Hiroko Nakamura, Namie Saeki, Kazuhiro Nomura

 

ABSTRACT:

This study examines how personality traits and affective factors influence Japanese university students’ proficiency in English sentence stress, using physiological and acoustic analyses. The research addressed three questions: (1) How are personality traits and affective factors related to physiological responses during oral reading in English? (2) Do these traits and factors affect sentence stress in oral reading? (3) Are there differences in the impact of these traits on sentence stress between students with high and low English oral proficiency? Thirty-one participants completed three questionnaires: Trait Shyness Scale (TSS), Personal Report of Communication Apprehension (PRCA), and Foreign Language Classroom Anxiety Scale (FLCAS), alongside TOEIC speaking tests.
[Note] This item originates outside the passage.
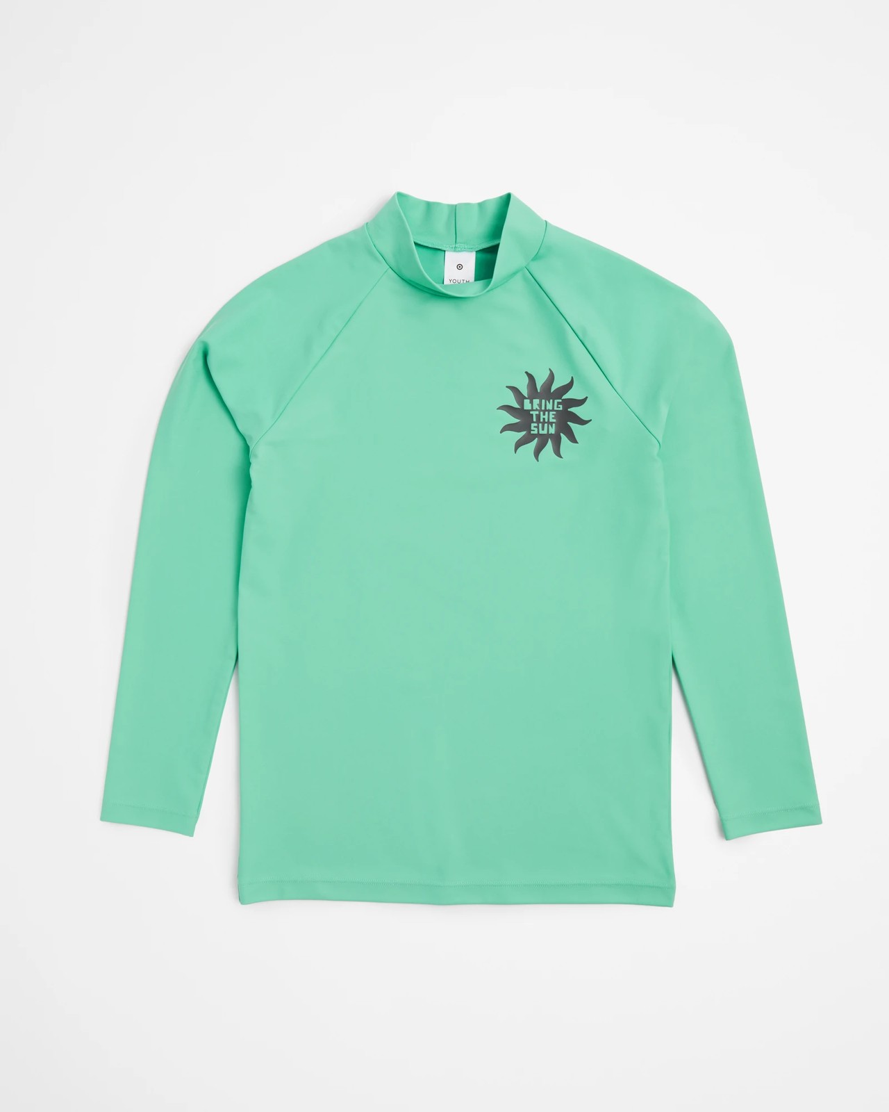 Immerse your little explorer in fun-filled splashing adventures with the Boys Long Sleeve Swim Rash Vest. Designed to provide exceptional sun protection with its specialised UPF-50+ technology, allowing your child to dive into the waves worry-free. Expertly crafted from recycled materials, delivering both durability and sustainability in one. Watch your young swimmer move gracefully through the water with the flexible raglan sleeves while staying comfortable during all-day outings. The lyrical small print on the front adds a touch of charm to their aquatic ensemble. Bring home the Boys Long Sleeve Swim Rash Vest today and let the aquatic fun; begin!

The procedure involved wearing a smartwatch to monitor heart rate, reading an English text, a Japanese version of the text, and then the same English text again. Key findings include: (1) Participants with higher communication apprehension had a higher heart rate during the first English reading compared to the second. (2) Those with greater shyness exhibited a narrower pitch range in the first reading compared to those with lower shyness, although this difference disappeared in the second reading. (3) Participants with higher shyness and communication apprehension initially did not use nuclear accents effectively, but some improved in the second reading. (4) Students with high shyness in the low proficiency group initially used flat intonation but later showed more variation compared to those with lower shyness and communication apprehension. This study implies the importance of teaching prosody to Japanese students with high levels of anxiety.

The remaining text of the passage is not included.